O homicídio foi ontem (11), na rua Célio Mota, bairro Dom Aristides, município de Marituba, Região Metropolitana de Belém (RMB). Testemunhas relataram que teriam visto João discutindo com os 2 suspeitos antes de ser morto. E, durante a discussão, acabou sendo baleado.

A vítima morava na rua, segundo os familiares dele, e não tinha paradeiro fixo. O único local em que era comum encontrá-lo era no cemitério do bairro Colônia, também em Marituba, onde ele usava um barraco para dormir.

Jailson Ribeiro de Oliveira, filho de João, amparava 2 irmãs, que estavam inconsoláveis vendo o corpo do parente. Em entrevista à reportagem, ele contou que o pai era usuário de drogas há muitos anos e que já havia sido policial militar. “Meu pai vivia pelas ruas e dormia no cemitério da Colônia. Perdeu a farda há uns 20 anos e vivia por aí. Não tinha nenhum trabalho. Não sabemos o que aconteceu exatamente, se ele devia para algum traficante ou se ele foi assaltado. Ele não andava sem camisa pela rua”, disse Jailson.

DE BRUÇOS

O corpo de João estava de bruços na pista. Trajava calça social preta, cinto e sapatos. No momento em que a Polícia Militar (PM) chegou ao local, o cenário do crime foi isolado, para manter a integridade física do local do assassinato.
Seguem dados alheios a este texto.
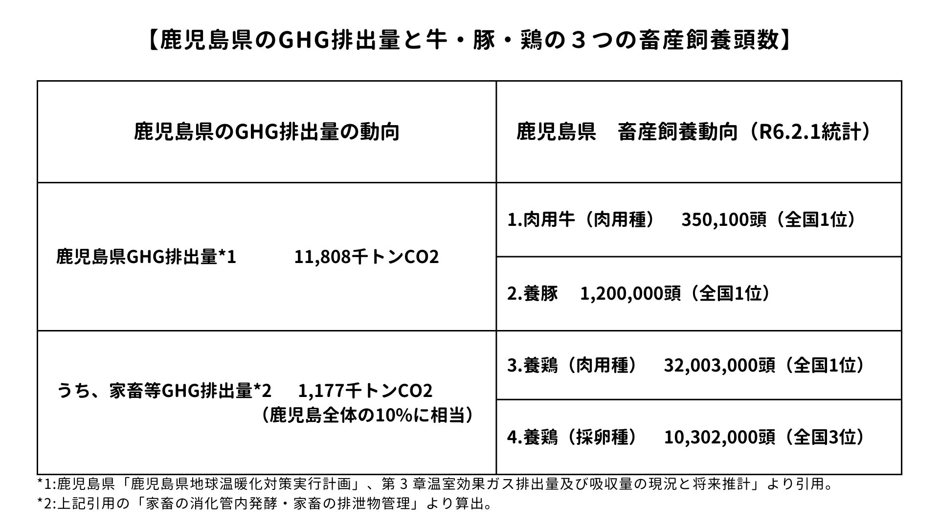 プロジェクトを開始する鹿児島県は、国内トップの牛、豚、鶏の3つの飼養頭羽数を誇る、畜産王国です。畜産業が盛んである一方で、牛のゲップや家畜の排泄物から温室効果ガス(GHG)の種類であるメタン(CH4)や亜酸化窒素(N2O)が排出され、1,777千トンCO2相当を排出しています(下表参照)。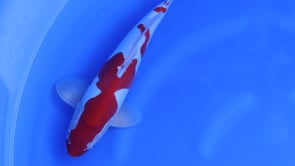 The doitsu scalation is tidy and well aligned, enhancing the clarity of the pattern and overall refinement. With a well-balanced body, smooth topline, and a solid tail tube for its age, this koi shows very good growth potential. A striking Maruhide Doitsu Kohaku with strong presence and lasting appeal as it matures.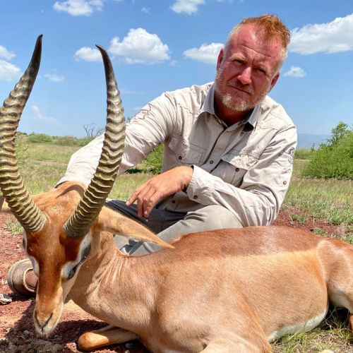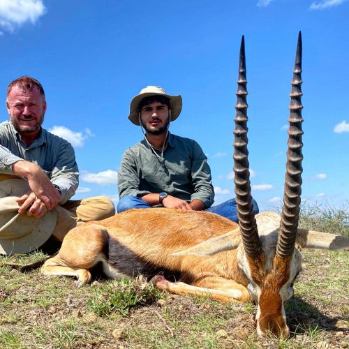 Scientific Name: Gazella granti Subspecies: Gazella petersi, Gazella brighti, Gazella robertsi. Distribution: From Southern Somalia to the southern parts of Tanzania. Habitat: Open grassland and bush Description: Middlesized gazelle with a shoulder height of 95 cm and a weight of 60 - 85 kg. General colour fawn. Hunting method: Pursch Hunting available in: Tanzania and Ethiopia.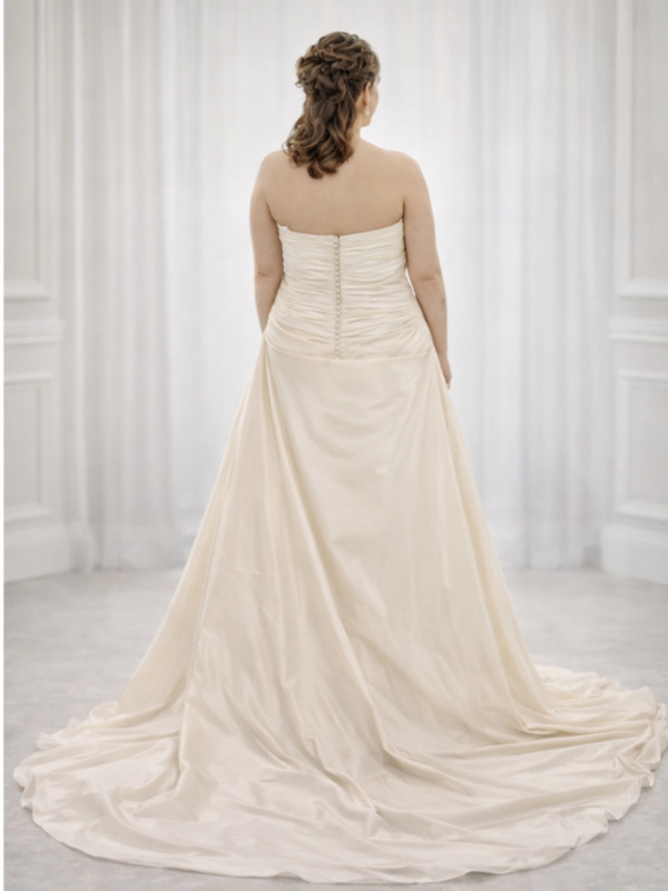 Deze stijlvolle grote maten trouwjurk in beige heeft een elegante en tijdloze uitstraling.

De acordo com o cabo PM Reginaldo Neves, da 3ª Companhia (Cia) do 21º Batalhão de Polícia Militar (BPM), nenhum suspeito de envolvimento no caso foi descoberto. “Quando chegamos disseram que eram 2 homens em uma bicicleta (os assassinos), mas não deram nenhuma outra informação deles”, informou o cabo PM Reginaldo Neves.

Vítima pode ter sido morta a tiros de revólver calibre 38

Durante as análises feitas pelos peritos do Centro de Perícias Científicas Renato Chaves, foram encontrados vestígios da arma utilizada pelo assassino. “Foi um tiro à distância, que atingiu o ombro esquerdo, e 3 bem próximos ao corpo, que acertaram o rosto, no lado esquerdo. Achamos aqui no local alguns fragmentos de munição de revólver caibre 38, que pode ter sido a arma usada pelo criminoso”, explicou Vamilton Albuquerque, perito criminal.

Policiais da Divisão de Homicídios (DH) estiveram no local e colheram depoimentos de familiares de João e dos policiais militares que atenderam a ocorrência. Concluído o levantamento de local de crime, o corpo da vítima foi removido para o Instituto Médico Legal (IML), para a necropsia. O caso foi registrado na Seccional Urbana de Marituba, que deverá ficar responsável pela investigação do homicídio.